"What's that area around the guy's ass that makes him come?" I ask.
"You mean the taint?"
"I don't know," I say.
"Between the balls and asshole, right?"
It isn't what you'd call a typical conversation you'd have while cooking pea soup, but for us it isn't unusual. One minute we're exchanging tips on how to make soup stock, the next we're exchanging tips on how to make a man come.
His name is Samuel, and if it weren't for our genders we'd practically be the same person. We're both unable to commit, interested in being known as the best lay on this side of the metropolis and so insecure about these two facts that we have to continually reassure each other that it's okay to be this way. And if it weren't for the fact that he's gay, I probably would've fucked him and dumped him by now. Would he have fucked and dumped me? Who knows?
"It's where the prostate is," he says. "Here, I'll show you."
Before I know it, he has his pants down around his ankles and his ass in my face. I really wasn't expecting to have my soup with a side order of ass crack.
He separates his cheeks with his hands. "Look under here," he instructs. I remain in my seat, amazed that I've been able to focus on his ass crack for as long as I have. I am, however, unsure if I'd be able to do so while down on my knees.
"C'mon," he says. "It's for educational purposes."
The whole scene is bordering on absurdity, yet there I am, dutifully sliding down onto the floor. Admittedly, the prospect of discovering the area that causes a man to explode with ecstasy delights me.
I crank my head upward until I'm face-to-face with what I guess is his taint. Whatever it is, it's furry.
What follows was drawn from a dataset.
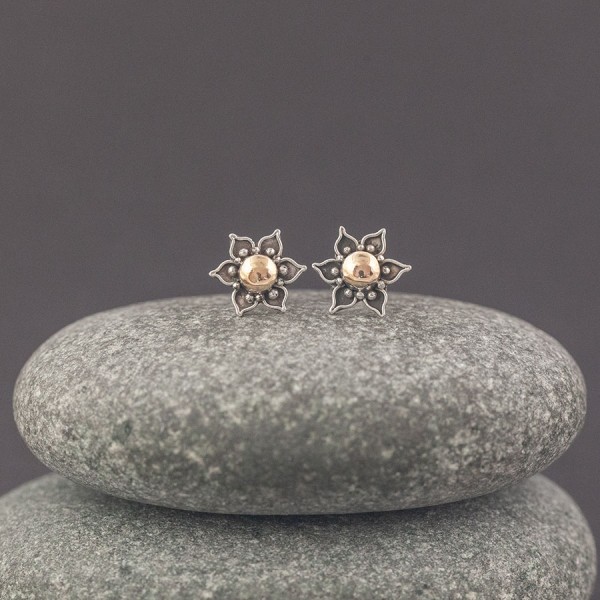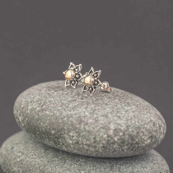Kolczyki - sztyfty wykonane od postaw ręcznie ze srebra próby 925 oraz 18-karatowego złota. Wielkość kolczyków 12 mm.
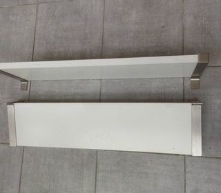 2 étagères murales 79.5 x 19.5 cm Epaisseur: 2.5cm Avec système de fixation et visserie La paire pour 20€ Si vous voyez l'annonce alors l'article est disponible. Laisser moi

"Can you see it?" he asks.
"All I see is a bunch of hair."
"Hold on," he says, taking his fingers and parting his pubic hair to reveal something wrinkly.
"I see something that looks like chicken skin."
"Good. Now touch it," he says.
"How else are you going to learn? Just put your finger on it and apply pressure. It's okay."
The "it's okay" part of the sentence fails to give me the reassurance I need.
"But... what if I... you know make you come?"
In one swift movement, he lets go of his ass cheeks, pulls his pants up and moves away from me.
"This isn't something I'd do for just anyone, you know," he says.
"Well, I'm embarrassed. I've never been ordered to touch someone's prostate before."
"So you say, but really it's because you're grossed out by me," he says.
We are no longer bordering on absurdity. We are smack dab in the middle of it.
"Oh, fuck off," I say. "If you weren't gay I'd be right in there licking those wrinkles smooth."
I detect a slight softening on his part. I, on the other hand, am getting aggravated. If anyone is going to be insecure about this whole situation, it's going to be me.
"Seriously, I could make you come if I wanted to," I say.
"You probably couldn't even give me an erection."
"If you were straight I could."
I could practically see the idea churning in his head. "Maybe," he says, and after careful consideration, "probably."
I know for Samuel this is a compliment, and for now it becomes a challenge. "Okay. Get your ass over here."
He resumes his position while I extend my index finger. I take a deep breath in and then slowly breath out. Shortly thereafter I hear a whimper. As it dawns on me that it's coming from Samuel he somehow loses his footing and ends up on my face.
With his ass on my forehead, balls on my mouth and taint on the bridge of my nose, I wonder where his dick is. Like everything else, it should've been somewhere on my face - which was at that moment being crushed by his weight.
Samuel immediately rolls off me.
"I'm sorry," he says.
"What happened?" I ask.
"Nothing." He won't look at me.
"What do you mean, nothing? Your balls were just on my face."
"I'm sorry," he repeats. He refuses to say anything more as he pulls his pants up and exits the room.
I, in the meantime, have to stretch, and while doing so check on the pea soup. I see that a thin layer of skin has formed on the top. Maybe it was burnt. I turn the stove off, then move the pot off the element.
Samuel comes back, looking more relaxed. In fact, he looks almost elated.
"You'll be happy to know I just jerked off," he chirps.
"Excuse me?" We've always been open with each other, but this I wasn't expecting.
"You gave me an erection," he says.
"I did?" I've been upgraded from maybe to probably to definitely! "But how? I didn't even touch you."
"No, but you blew on me." When he sees my confusion, he corrects himself. "You exhaled on me."
"Oh," I say, a smile slowly spreading across my face.
He finally turns his attention toward the soup. "This doesn't look good." He takes a fork and starts poking at the layer of skin. "You know what this looks like?"
It doesn't take me long to get what he's saying, and at that moment I silently vow never to make soup with Samuel again.